I was going to blog about Berlin, but I’ve been preoccupied with editing today. I’m starting to get the jitters. Is this thing actually any good? What’s the point? What’s the point in anything? Life, man, what’s it all about?

Funny thing, editing the first draft. I’ve had to create extra scenes to link the story together. This feels like I’m cheating on myself, because this part strikes me as writing rather than editing. But then I guess editing is as much to do with writing and rewriting as it with sorting out the glorious mess of the first draft.

Anyway, I knocked out 2,000 words and named a place ‘The No Strings Attached Motel’, both of which I was pretty pleased with. I did most of this while listening to Bowie’s 1997 Earthing. You’d have thought in ’97 the Chameleon of Pop would’ve embraced the current fad of Britpop, but oh no, not our Dave. He went full drum’n’bass. Personally, I think it’s a terrible fucking record, but if you scratch beneath the surface of the dreadful production, there are a couple of excellent tracks buried down there (primarily Seven Years In Tibet and I’m Afraid Of Americans).

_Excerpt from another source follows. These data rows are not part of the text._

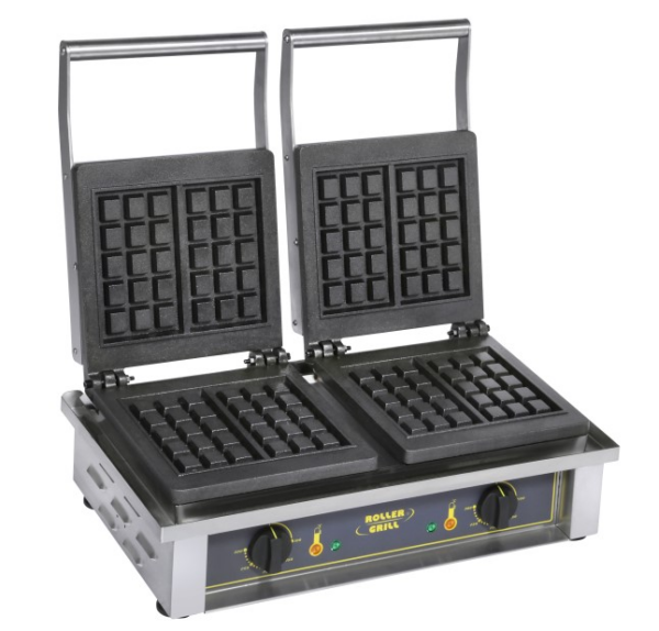Features: 2 on/ off switches, 2 thermostats 0 – 300°C, pilot lights, Brussels moulds (3 x 5 squares),
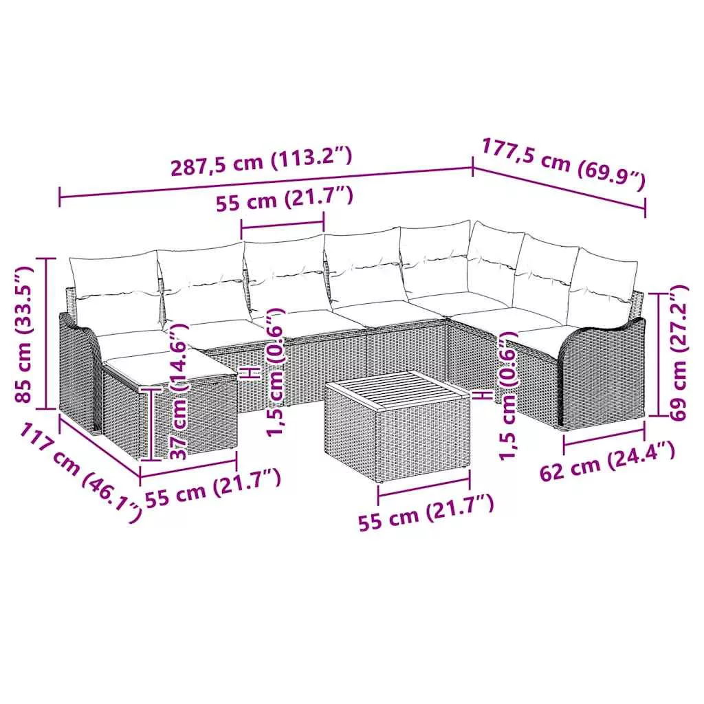- Komponensek A szett sarok ülést, középső üléseket, karosszéket, lábtartót és kertasztalt tartalmaz. Minden darab polirattan háttal és könnyen tisztítható párnákkal készül.
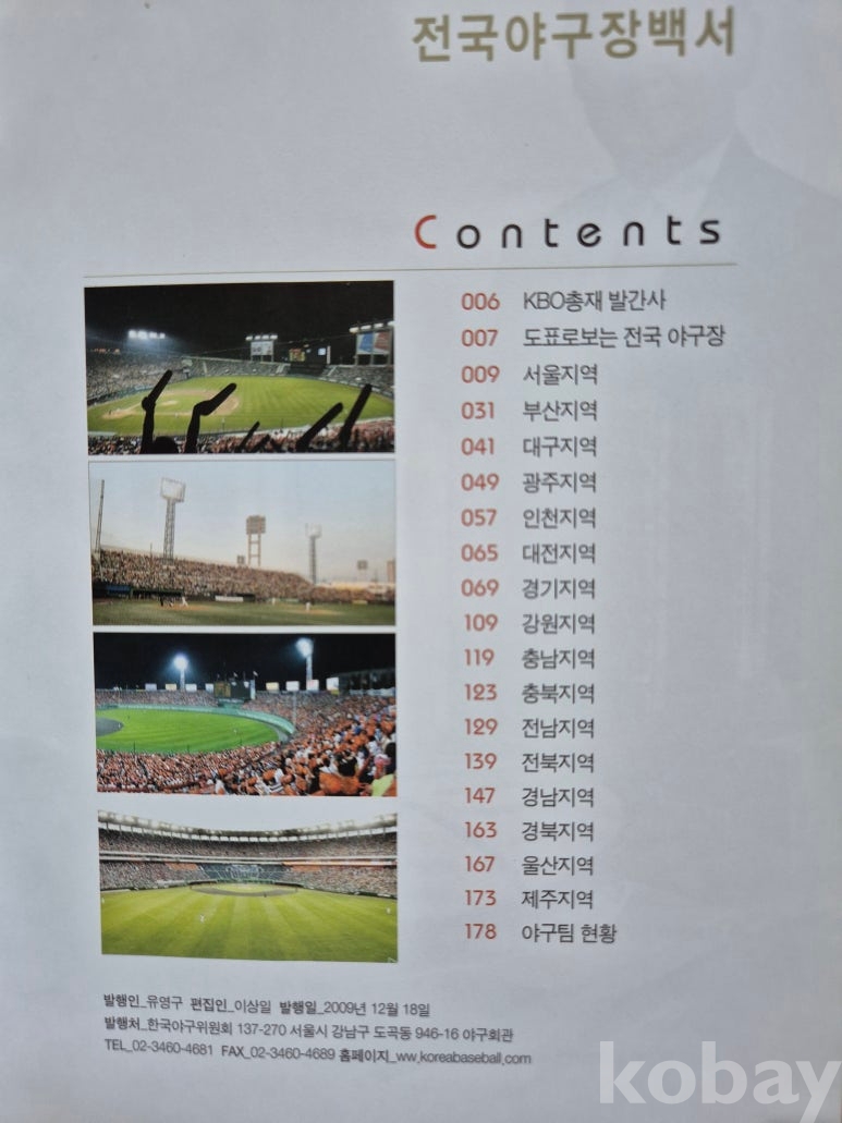 설명: 이 책은 전국에 산재해 있는 우리나라 야구장 전국 야구장 백서 - 한국야구위원회 발행책입니다

After that, well, my brain needed a rest. So I figured it was Quote Time.

What to quote? Love the chap as I do, does the internet really need anymore Oscar Wilde quotes? So, I thought that seeing as this is supposed to be a blog about writing, I’d share something from a novel that not only inspired me, but affected me on many levels. Sad emoticon etcetera.

Hangover Square by Patrick Hamilton. Came out in 1941. Set in London, against the uneasy backdrop of impending World War II, it tells the story of man called George Harvey Bone, who is a big drinker with split personality disorder. It’s one of the bleakest, saddest novels I’ve ever read. George is basically mistreated by everyone he stumbles across in his life. It’s a tragic story and a very personal one. I won’t give you some half-arsed synopsis; I’ll just say that you should definitely, definitely read it. Even if you’re not into that shit. It’s good. It’s really, really good. And like all the best things, it’s as beautiful as it is sad.

This girl wore her attractiveness not as a girl should, simply, consciously, as a happy crown of pleasure, but rather as a murderous utensil with which she might wound indiscriminately right and left, and which she would only employ to please when it suited her purpose.

Now I guess you could read a little misogyny into that quote. ‘…not as a girl should…’ but I’m going to pass that off commentary on the time and concentrate on the part where it dwells on the use of her attractiveness as weapon. Brilliant! Why didn’t I think of that? Bastard Hamilton got there before me. ‘A murderous utensil.’ Most people judge, in some part, on looks (in fact a lot of my novel deals with that subject – or at least the first draft does).

It’s not a failing exclusive to straight men to be injured by malicious beauty. It’s a failing amongst people. This book just happens to be written in 1941 and its subject involves a poor man who is spurned by an aesthetically attractive, emotionally ugly woman. We’ve all been there. We’ve all had our hearts broken by someone who hasn’t deserved it.

Apparently they made it into a film. I haven’t seen it and have no desire to, but that’s where I’ve culled the picture on this post from. Gotta have a picture, right?

Murderous utensil. Jesus. What a stinger.